**TASK TO COMPLETE:**
Somewhere below are a line with "温泉行きたいなぁ…と思うけれ" and a later line with "Tre lysende kugler". Output exactly those lines and all lines between them.

**SUPPLIED INFORMATION:**

········

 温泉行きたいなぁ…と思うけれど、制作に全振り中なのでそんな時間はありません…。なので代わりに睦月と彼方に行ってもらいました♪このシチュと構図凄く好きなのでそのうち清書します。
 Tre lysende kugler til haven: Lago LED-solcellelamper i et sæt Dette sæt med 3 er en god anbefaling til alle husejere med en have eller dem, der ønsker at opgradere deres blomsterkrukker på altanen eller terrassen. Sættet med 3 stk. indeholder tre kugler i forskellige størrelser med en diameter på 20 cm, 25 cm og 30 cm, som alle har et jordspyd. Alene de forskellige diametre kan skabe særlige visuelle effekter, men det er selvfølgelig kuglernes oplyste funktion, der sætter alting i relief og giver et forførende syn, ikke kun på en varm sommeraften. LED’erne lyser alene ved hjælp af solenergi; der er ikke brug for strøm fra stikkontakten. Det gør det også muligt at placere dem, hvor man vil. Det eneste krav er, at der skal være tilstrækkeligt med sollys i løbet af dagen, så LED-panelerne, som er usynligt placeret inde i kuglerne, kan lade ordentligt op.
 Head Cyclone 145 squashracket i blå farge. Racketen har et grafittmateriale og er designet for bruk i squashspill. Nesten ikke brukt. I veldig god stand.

········

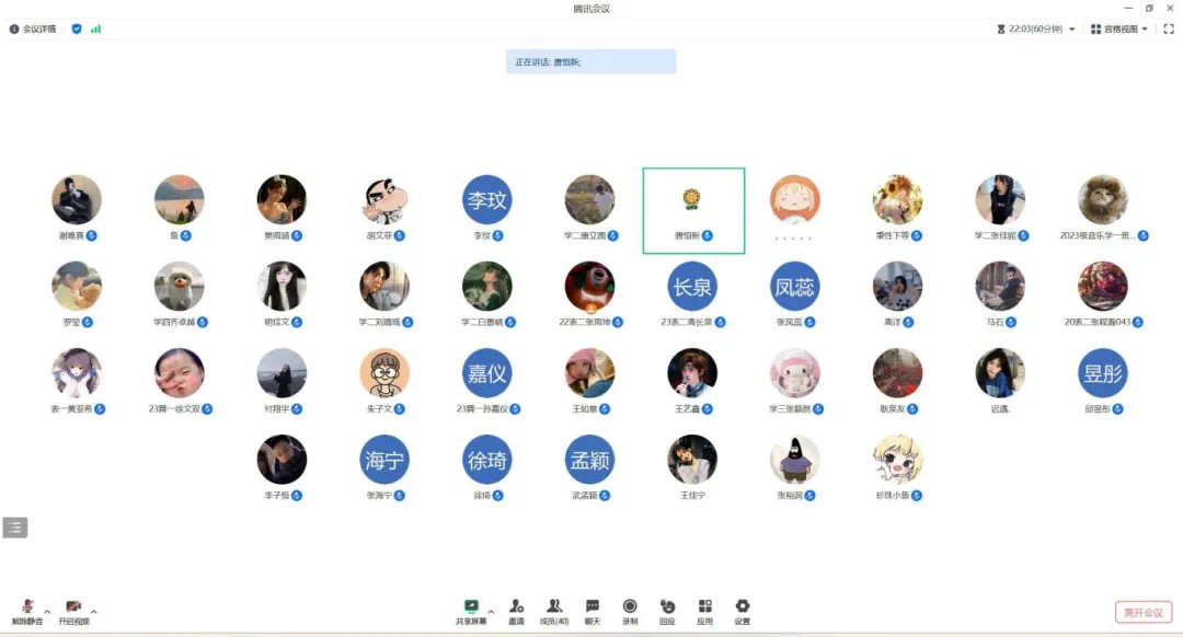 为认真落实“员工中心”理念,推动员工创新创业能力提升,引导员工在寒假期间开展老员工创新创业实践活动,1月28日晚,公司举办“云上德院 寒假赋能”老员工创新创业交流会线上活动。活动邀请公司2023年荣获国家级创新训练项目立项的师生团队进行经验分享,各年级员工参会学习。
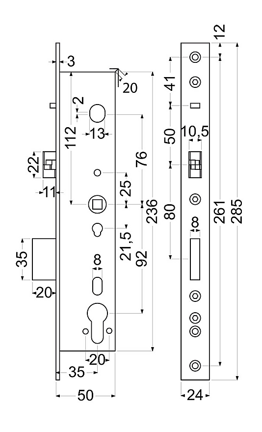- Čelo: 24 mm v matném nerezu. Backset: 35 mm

········

**ANSWER SECTION:**
 温泉行きたいなぁ…と思うけれど、制作に全振り中なのでそんな時間はありません…。なので代わりに睦月と彼方に行ってもらいました♪このシチュと構図凄く好きなのでそのうち清書します。
 Tre lysende kugler til haven: Lago LED-solcellelamper i et sæt Dette sæt med 3 er en god anbefaling til alle husejere med en have eller dem, der ønsker at opgradere deres blomsterkrukker på altanen eller terrassen. Sættet med 3 stk. indeholder tre kugler i forskellige størrelser med en diameter på 20 cm, 25 cm og 30 cm, som alle har et jordspyd. Alene de forskellige diametre kan skabe særlige visuelle effekter, men det er selvfølgelig kuglernes oplyste funktion, der sætter alting i relief og giver et forførende syn, ikke kun på en varm sommeraften. LED’erne lyser alene ved hjælp af solenergi; der er ikke brug for strøm fra stikkontakten. Det gør det også muligt at placere dem, hvor man vil. Det eneste krav er, at der skal være tilstrækkeligt med sollys i løbet af dagen, så LED-panelerne, som er usynligt placeret inde i kuglerne, kan lade ordentligt op.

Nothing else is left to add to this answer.